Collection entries
§

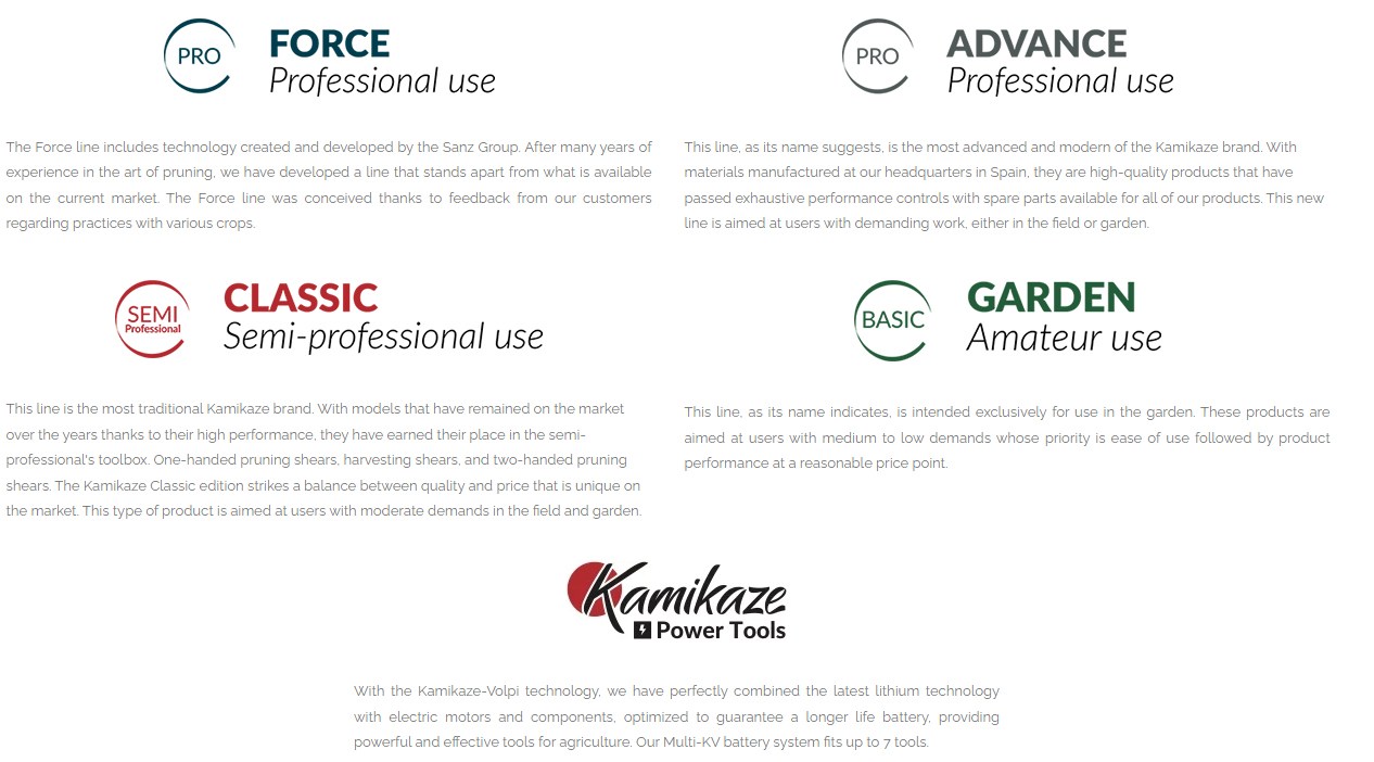 Kamikaze is the brand that specialises in pruning, harvesting and agricultural tools. Created in 2000, Kamikaze has earnt itself a place in the market thanks to its wide range of products, excellent value for money and being one of the leaders to introduce Japanese blades into Europe.
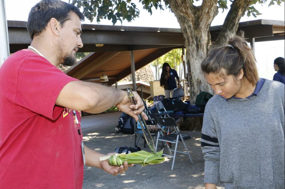 Recently, cultural specialists from Kamehameha's Ho‘okahua Cultural Vibrancy Group helped KS Kapālama Hawaiian Language 2 students learn more about their culture. The lessons were taught entirely in ‘ōlelo Hawai‘i (the Hawaiian language).
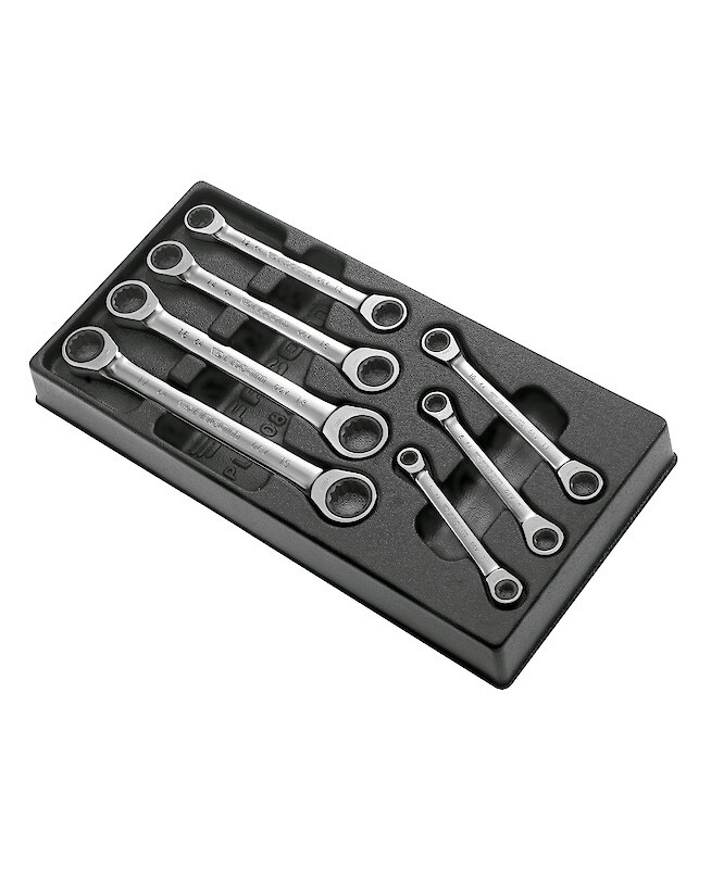 JEU 7 CLES 12P METRIQModule de 7 clés polygonales à cliquet droites métriques - tailles de 6x7 à 17x19 mm - accès à plat sur écrou - FACOM MOD.64J7 MULTIPLE DE : 1
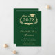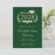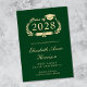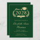 Elegant green college graduation announcement featuring "Class of" in a light gold illustration of a laurel wreath with a grad cap topper and diploma and the graduate's name in a light gold script. Add their school, major, honours or future plans.
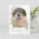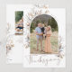 Tarjeta de foto de Acción de Gracias con hermoso follaje otoñal y foto arqueada. La parte delantera dice "Feliz Día de Acción de Gracias". Agrega una imagen adicional en la parte posterior y tu mensaje personalizado. Envía esta hermosa tarjeta de Acción de Gracias para bendecir a tus seres queridos en esta temporada festiva.
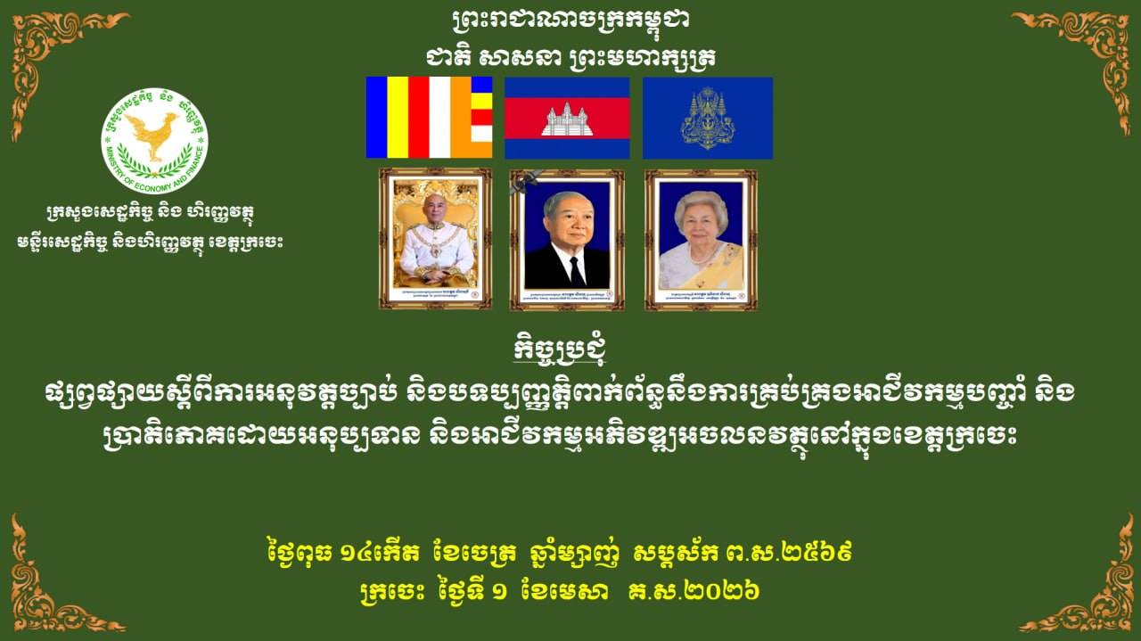កិច្ចប្រជុំផ្សព្វផ្សាយការអនុវត្តច្បាប់ និងបទប្បញ្ញត្តិពាក់ព័ន្ធនឹងការគ្រប់គ្រងអាជីវកម្មបញ្ចាំ និងប្រាតិភោគដោយអនុប្បទាន និងអាជីវកម្មអភិវឌ្ឍអចលនវត្ថុនៅក្នុងខេត្តក្រចេះ។
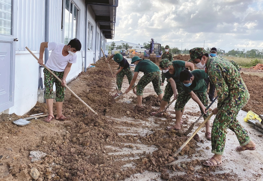 These days, in addition to massing forces for the frontline against the pandemic, the Provincial Military Command also strengthens human resources to complete areas for management, reception and treatment of people infected with SARS-CoV-2 virus (F0) with no symptoms or mild symptoms,such as at the Dormitory of Human Resource Training and Development School of Vietnam Joint Stock Commercial Bank for Industry and Trade (T3), located in Phu Thuong ward, Hue city, at No. 23 Vocational College and some other locations in Huong Tra town. Currently, the management, reception and treatment areas for F0 with no symptoms or mild symptoms have welcomed and treated many patients in the area.
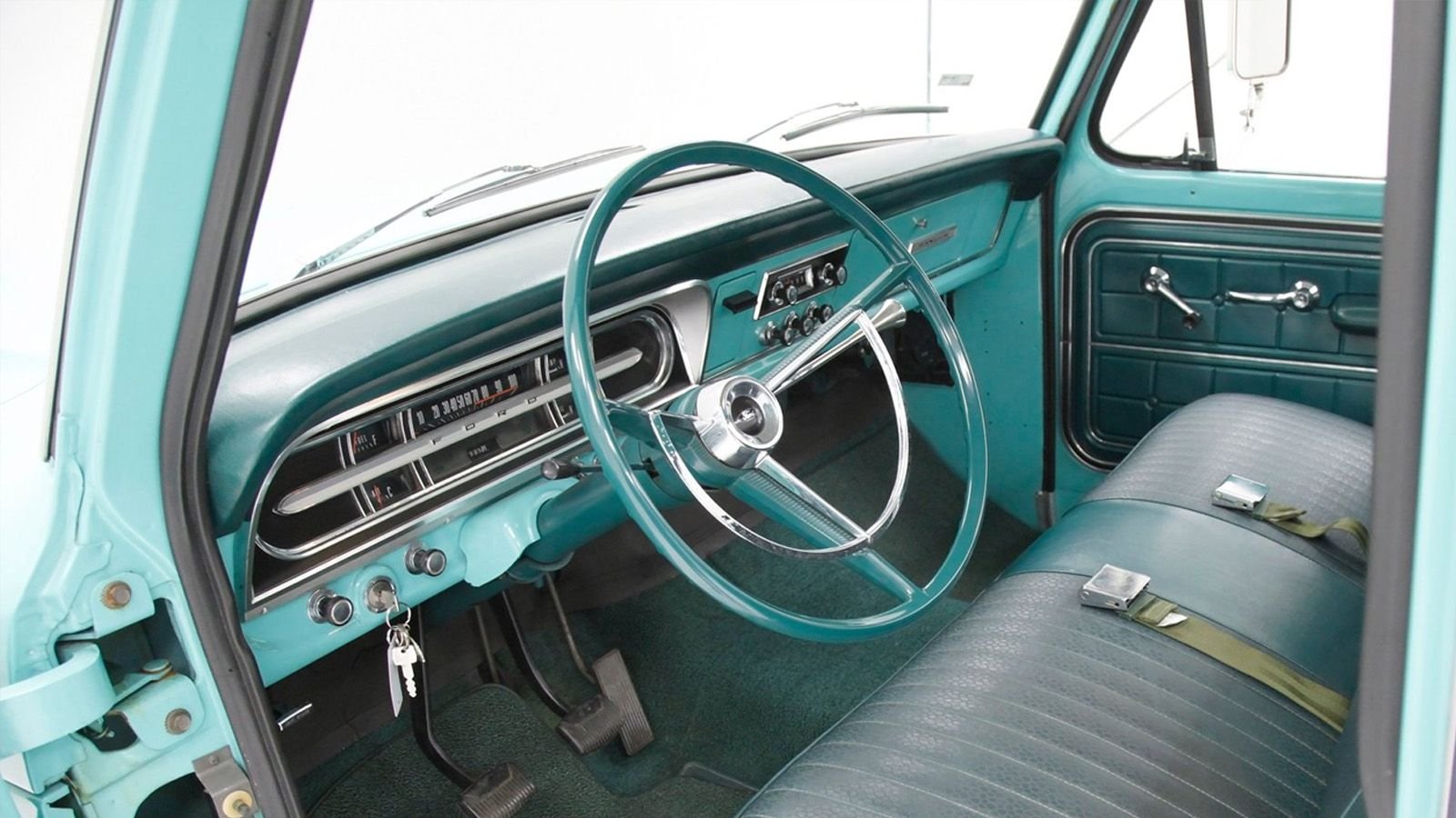 In addition to its remarkable stock condition, this 1967 F-100 has a few aftermarket add-ons. For easy highway cruising, a Gear Vendors overdrive unit was installed behind the factory 3-speed manual gearbox. A couple of Cherry Bomb mufflers also add a nice note to the dual exhaust. The pristine truck is tempting, but it comes at the cost of a lunar orbit.
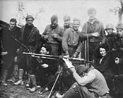 | Orwell al fondo sobresaliendo su altura entre los milicianos del POUM |
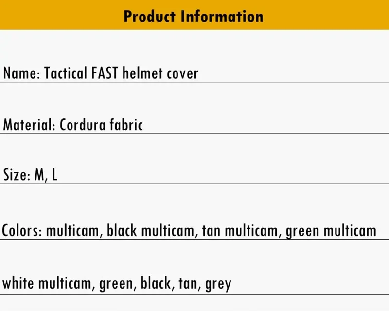 ●Colores: Multicam, Multicam negro, Multicam marrón, Multicam verde, Multicam blanco, verde, negro, marrón, gris.
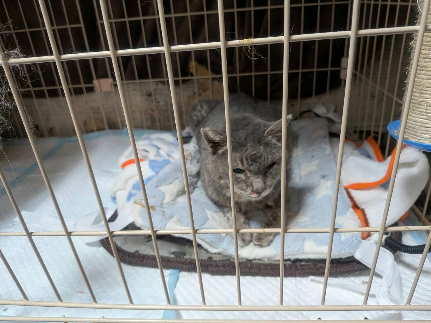 7月の暑い夜、緊急保護したミおばあちゃん。12月になって鼻血が出るようになりました。リンパ腫で,ここ数日鼻が腫れてきた。昨日グッタリしてるって,いつもサポートしてくださる竹内さんが自宅に連れ帰ってくれました。

§

## Activity
Give the records back exactly. Leave the pictures out.

## Solution
 Kamikaze is the brand that specialises in pruning, harvesting and agricultural tools. Created in 2000, Kamikaze has earnt itself a place in the market thanks to its wide range of products, excellent value for money and being one of the leaders to introduce Japanese blades into Europe.
 Recently, cultural specialists from Kamehameha's Ho‘okahua Cultural Vibrancy Group helped KS Kapālama Hawaiian Language 2 students learn more about their culture. The lessons were taught entirely in ‘ōlelo Hawai‘i (the Hawaiian language).
 JEU 7 CLES 12P METRIQModule de 7 clés polygonales à cliquet droites métriques - tailles de 6x7 à 17x19 mm - accès à plat sur écrou - FACOM MOD.64J7 MULTIPLE DE : 1
 Elegant green college graduation announcement featuring "Class of" in a light gold illustration of a laurel wreath with a grad cap topper and diploma and the graduate's name in a light gold script. Add their school, major, honours or future plans.
 Tarjeta de foto de Acción de Gracias con hermoso follaje otoñal y foto arqueada. La parte delantera dice "Feliz Día de Acción de Gracias". Agrega una imagen adicional en la parte posterior y tu mensaje personalizado. Envía esta hermosa tarjeta de Acción de Gracias para bendecir a tus seres queridos en esta temporada festiva.
កិច្ចប្រជុំផ្សព្វផ្សាយការអនុវត្តច្បាប់ និងបទប្បញ្ញត្តិពាក់ព័ន្ធនឹងការគ្រប់គ្រងអាជីវកម្មបញ្ចាំ និងប្រាតិភោគដោយអនុប្បទាន និងអាជីវកម្មអភិវឌ្ឍអចលនវត្ថុនៅក្នុងខេត្តក្រចេះ។
 These days, in addition to massing forces for the frontline against the pandemic, the Provincial Military Command also strengthens human resources to complete areas for management, reception and treatment of people infected with SARS-CoV-2 virus (F0) with no symptoms or mild symptoms,such as at the Dormitory of Human Resource Training and Development School of Vietnam Joint Stock Commercial Bank for Industry and Trade (T3), located in Phu Thuong ward, Hue city, at No. 23 Vocational College and some other locations in Huong Tra town. Currently, the management, reception and treatment areas for F0 with no symptoms or mild symptoms have welcomed and treated many patients in the area.
 In addition to its remarkable stock condition, this 1967 F-100 has a few aftermarket add-ons. For easy highway cruising, a Gear Vendors overdrive unit was installed behind the factory 3-speed manual gearbox. A couple of Cherry Bomb mufflers also add a nice note to the dual exhaust. The pristine truck is tempting, but it comes at the cost of a lunar orbit.
 | Orwell al fondo sobresaliendo su altura entre los milicianos del POUM |
 ●Colores: Multicam, Multicam negro, Multicam marrón, Multicam verde, Multicam blanco, verde, negro, marrón, gris.
 7月の暑い夜、緊急保護したミおばあちゃん。12月になって鼻血が出るようになりました。リンパ腫で,ここ数日鼻が腫れてきた。昨日グッタリしてるって,いつもサポートしてくださる竹内さんが自宅に連れ帰ってくれました。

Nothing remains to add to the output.